Data Science and Analytics Seminar | Policy Learning in Adaptive Experiments
Learning optimal policies from historical data enables personalization in a variety of domains across healthcare, digital recommendations, and online education. Recently, there has been increasing attention on adaptive experiments (for example, contextual bandits), which allow for progressively updating data-collection rules to identify good treatment assignment policies. However, most existing contextual bandit algorithms are geared towards maximizing the operational performance during the experiment, while the optimality of the learned policy is yet to be guaranteed, especially when outcome models are misspecified.
Conversely, non-adaptive experiments, known as randomized controlled trials (RCT), guarantee to identify the best policy in large samples but can be prohibitively costly or even unethical in some cases. We propose to address this policy learning problem from two perspectives:
Offline policy learning using adaptively collected data. We seek to make the fullest use of such data, which is increasingly prevalent due to the popularity of adaptive designs, so as to learn a policy—without doing new experiments—that yields the best outcome for each individual. We show that our algorithm is robust to model misspecification and achieves the minimax optimality, even when the data is collected by an original experiment with diminishing exploration.

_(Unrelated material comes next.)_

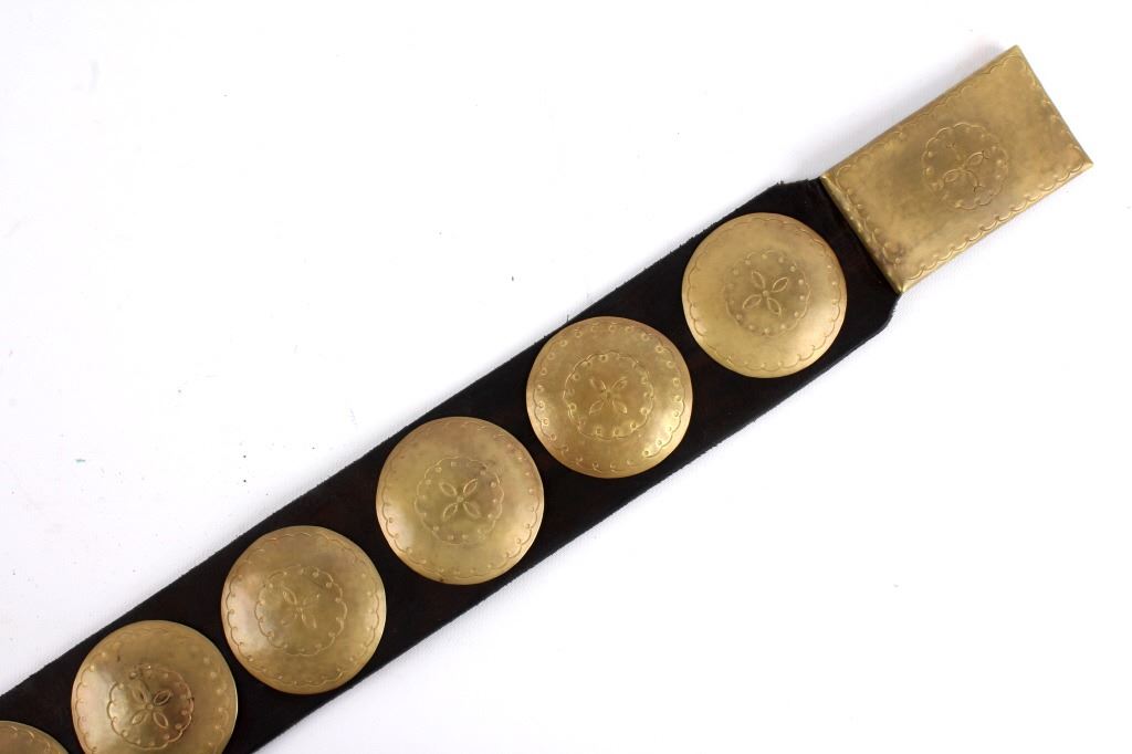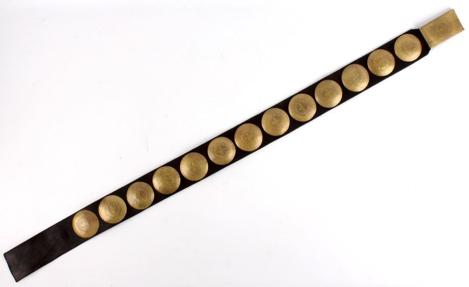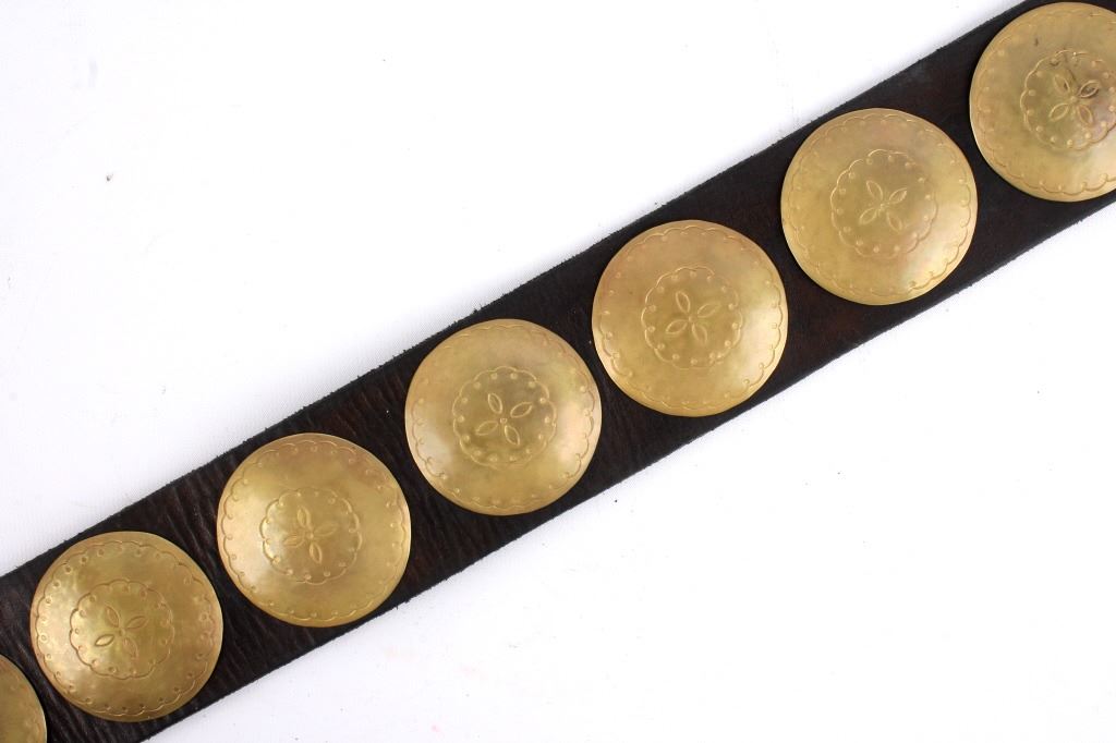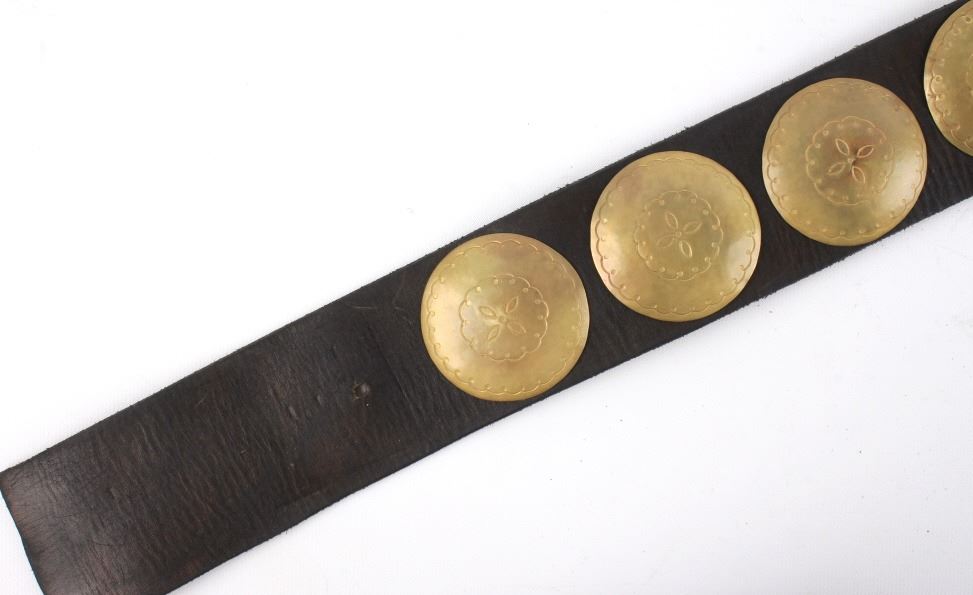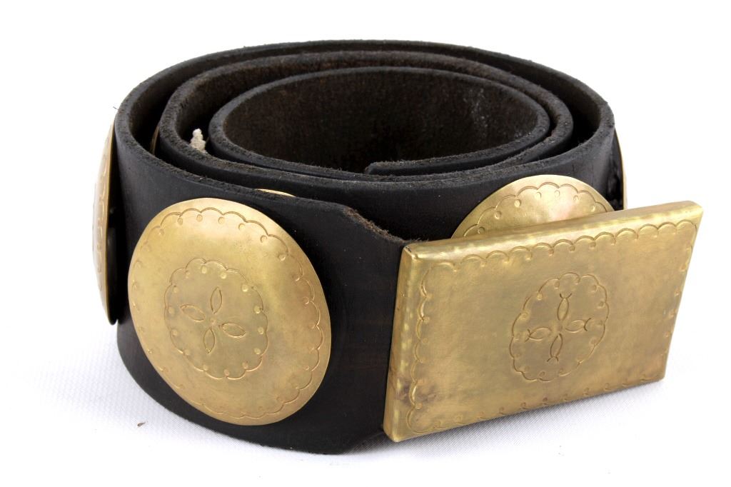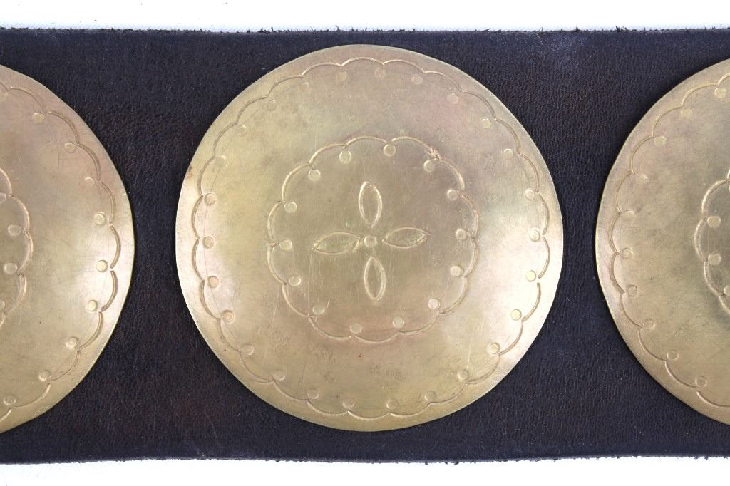 For your consideration is a Navajo Native American first phase style silver concho belt. This first phase style belt showcases thirteen large conchos, strung on a black leather belt. Each of the conchos is handmade and shows beautiful hand tooled and stamped accents. These thirteen conchos measure 2 3/8” in diameter and the buckle measures 3 ½” x 2”. These conchos show an amber patina and are tied to the leather belt with a thin leather rope along the back of the belt. The leather belt measures 2 ½” wide and 41 ¼” long. The conchos were scratch tested as sterling but content is possibly brass.

Online contextual bandit algorithm tailored to policy learning. We seek to design a practical contextual bandit algorithm to collect “relevant” data for policy learning, such that our algorithm guarantees to learn the optimal policy at a faster rate than RCT in many instances. We also show that our algorithm can be flexibly adapted to optimize the performance during the experiment (a.k.a. cumulative regret minimization) with minimax optimality guarantees.
The talk is based on joint works with Susan Athey, Emma Brunskill, Sanath Krishnamurthy, Zhimei Ren, and Zhengyuan Zhou.
Ruohan Zhan is an assistant professor of Industrial Engineering and Decision Analytics at the Hong Kong University of Science and Technology. Her research develops methods to innovate data-driven decision making using tools from causal inference, statistics, and machine learning, with particular interest in problems from platform operations and economics. Previously, she received her BS in mathematics from Peking University (2017), her MS in statistics and PhD in computational and applied mathematics from Stanford University (2021), where her doctoral research was advised by Susan Athey. She was a postdoc fellow at Stanford Graduate School of Business (2022). She has also spent the summers of 2019 and 2020 at Google Research and have worked full-time at Kuaishou Technology during 2021-2022.